Frequently Asked Questions
Q: What causes hip pain as we get older?
Hip pain in older adults is usually caused by a combination of age-related changes – thinning cartilage, reduced muscle mass, stiffer tendons, and lower bone density – together with conditions like osteoarthritis, gluteal tendinopathy, or referred pain from the lower back. Biomechanical factors such as foot posture and gait can accelerate these issues.
Q: When should I see someone about hip pain?

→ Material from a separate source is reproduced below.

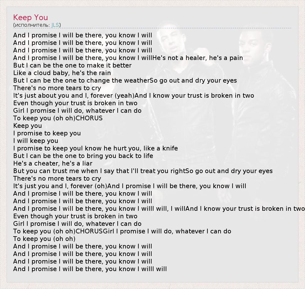 And I promise I will be there, you know I willI will, I willAnd I know your trust is broken in two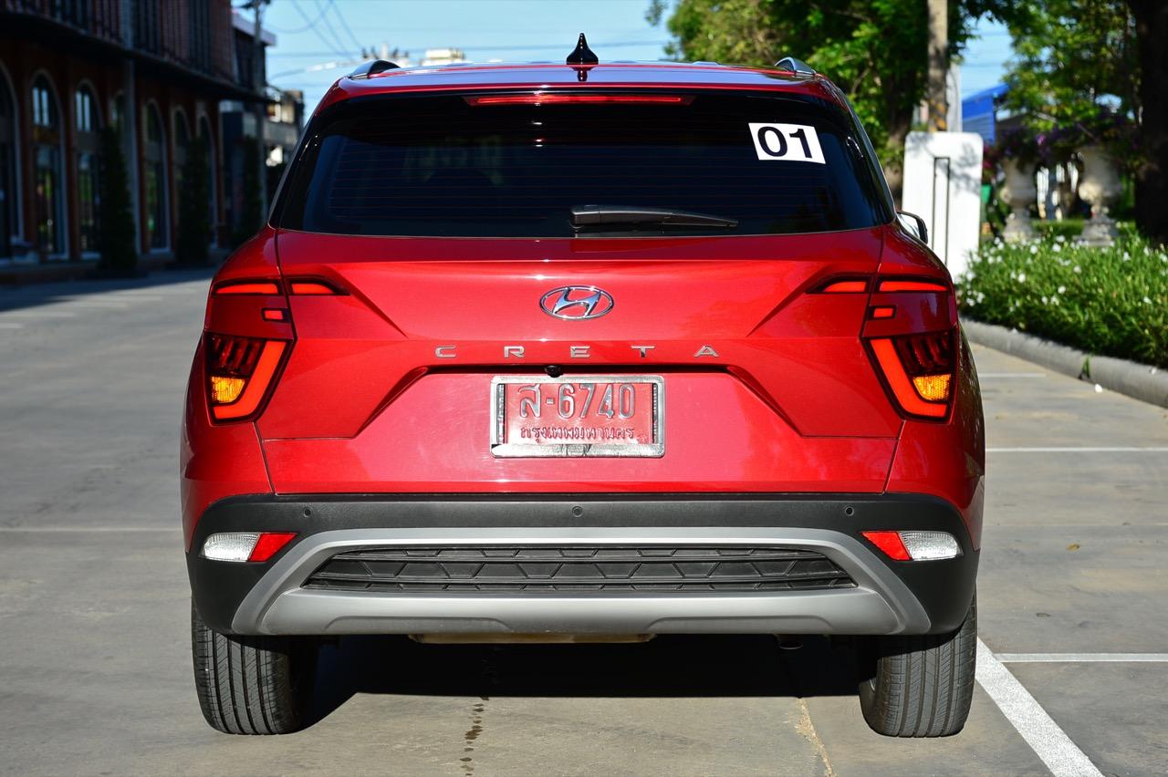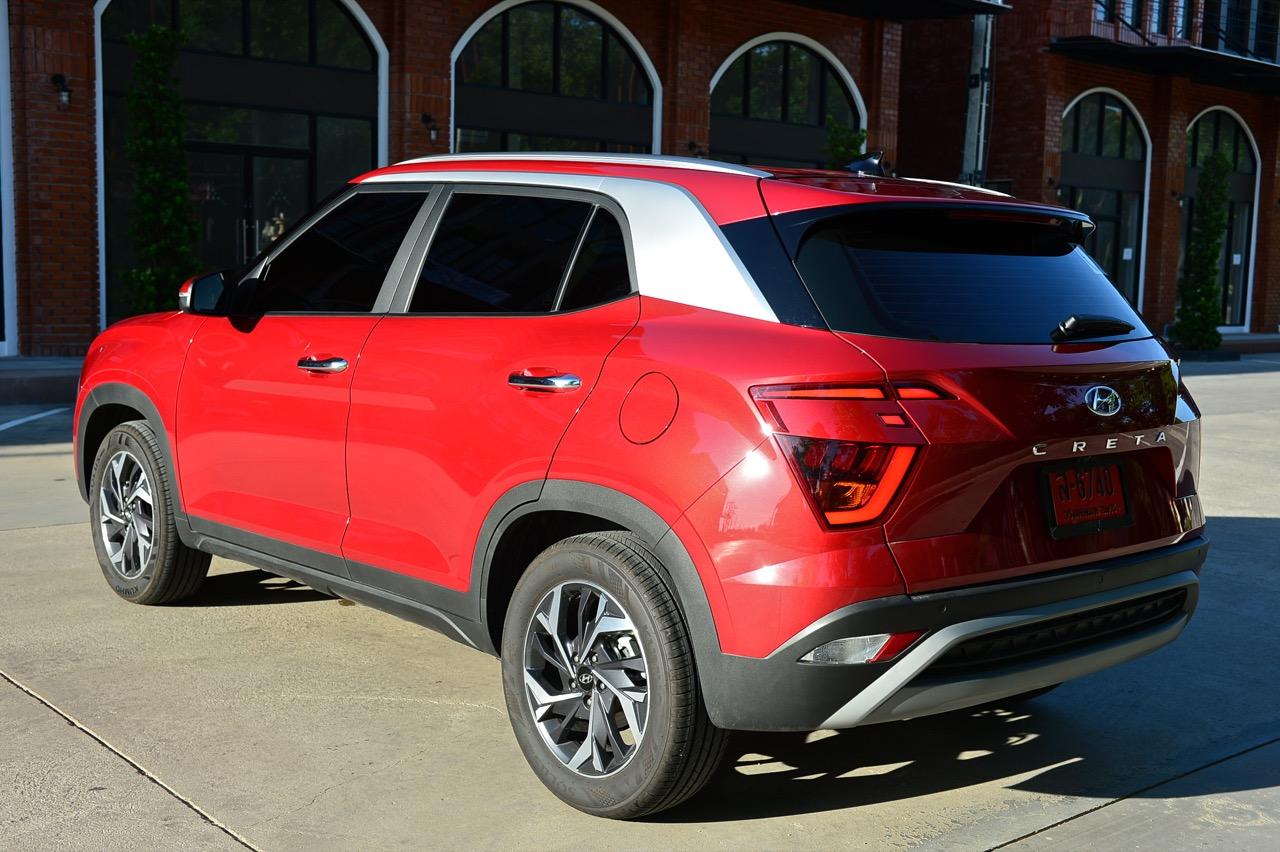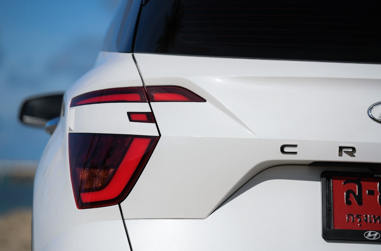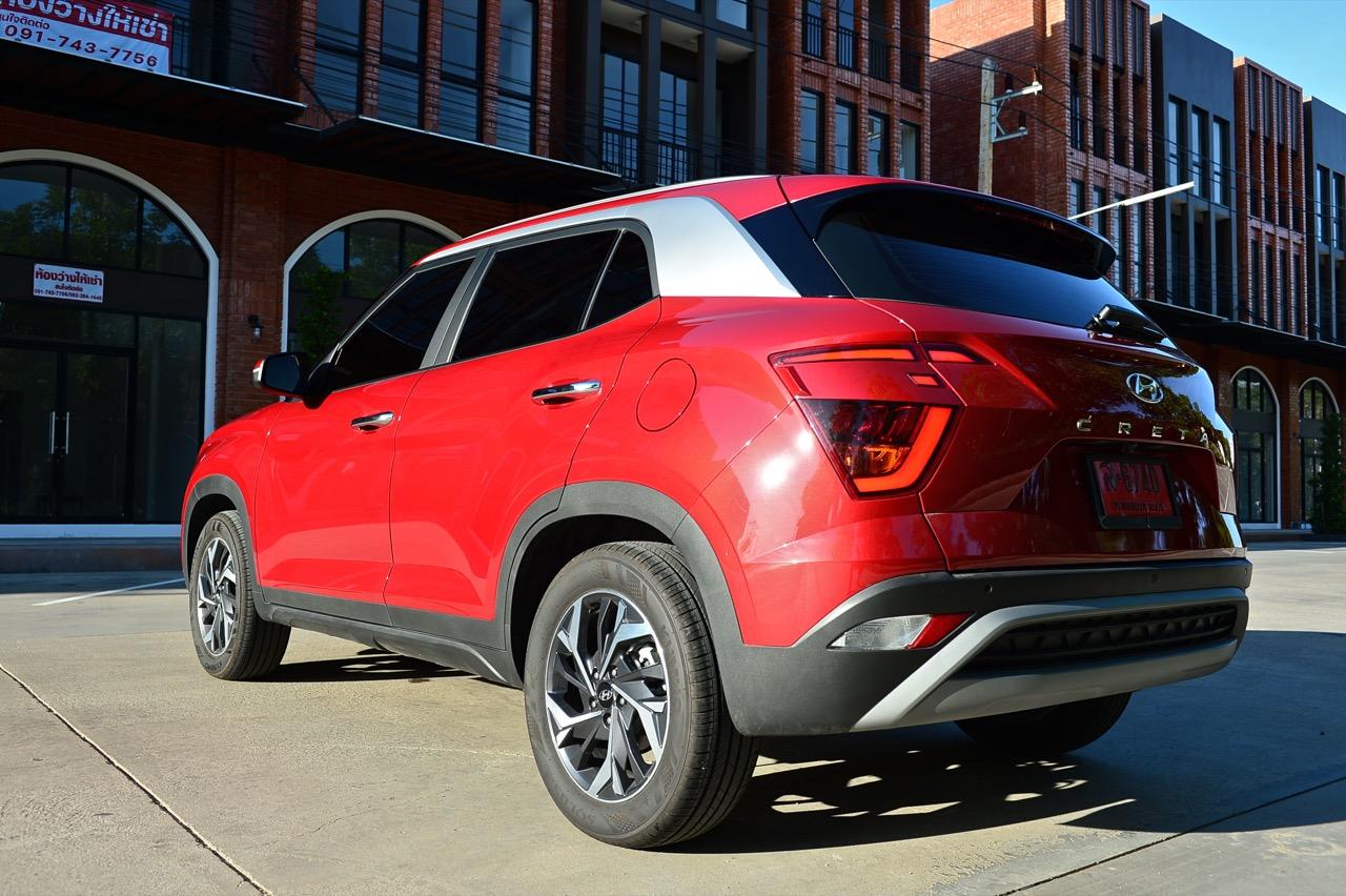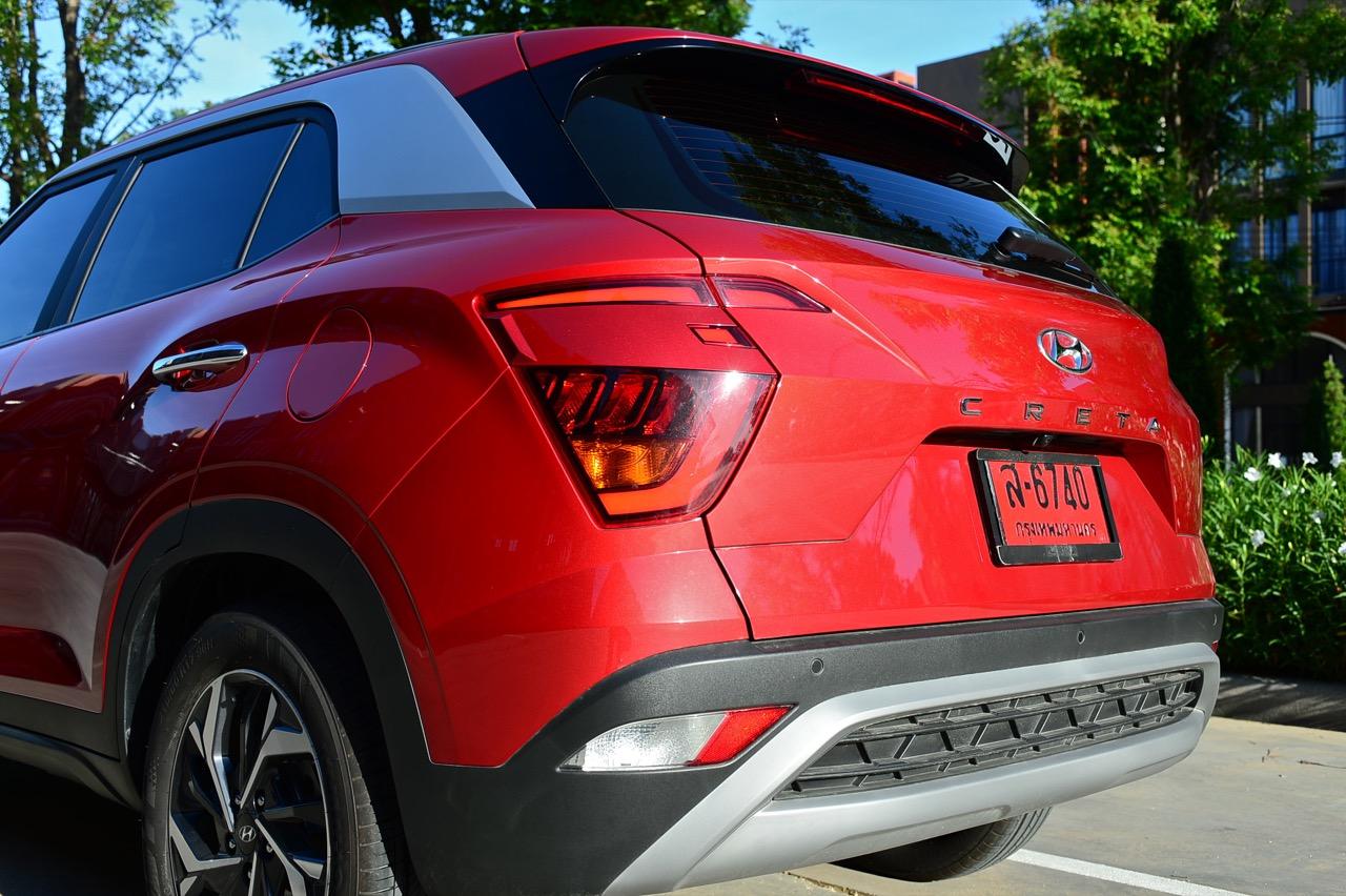บั้นท้ายดูกลมๆ จากการออกแบบทรงด้านข้างและรูปแบบของไฟท้าย สัดส่วนของกระจกบานฝาท้ายที่โค้งและกินพื้นที่ไปจนถึงขอบของเสาท้ายเป็นอีกจุดที่ Hyundai ออกแบบได้ดี ไฟท้ายทรงบูมเมอแรงที่แตกต่างไปจากไฟท้ายของรถคู่แข่งและมีรูปแบบเฉพาะตัว ดีไซน์สวยงามใช้ได้แต่ดูเล็กไปนิดและไม่มีเส้นเชื่อมระหว่างตำแหน่งไฟท้ายทั้งสองข้าง ขอบของฝาท้ายด้วยเสริมมุมมองให้บั้นท้ายของ Creta เฉียบคมขึ้นมาอีกนิด ฝาท้ายเปิด-ปิดด้วยมือ ไม่มีระบบฝาท้ายไฟฟ้าซึ่งน่าเสียดายอยู่เหมือนกันเพราะถ้าให้ฝาท้ายไฟฟ้ามาจะครบกว่านี้มาก

See a clinician if your hip pain has lasted more than six weeks, is disturbing your sleep, or is stopping you doing normal activities. Seek urgent medical attention for sudden severe pain after a fall, inability to bear weight, visible deformity, or hip pain accompanied by fever or unexplained weight loss.
Q: Can hip pain in older adults be prevented?
Much of it can. Regular low-impact activity, glute and core strengthening, maintaining a healthy weight, supportive footwear, and addressing foot or gait issues early all reduce the risk of developing significant hip pain – and slow the progression of conditions like osteoarthritis if they’re already present.
Q: Is hip pain at night a sign of something serious?
Night pain – particularly when lying on the affected side – is very common with gluteal tendinopathy and hip osteoarthritis, and isn’t usually a sign of anything sinister. However, hip pain that wakes you regularly, comes with night sweats or unexplained weight loss, or is severe and unrelenting should be assessed promptly.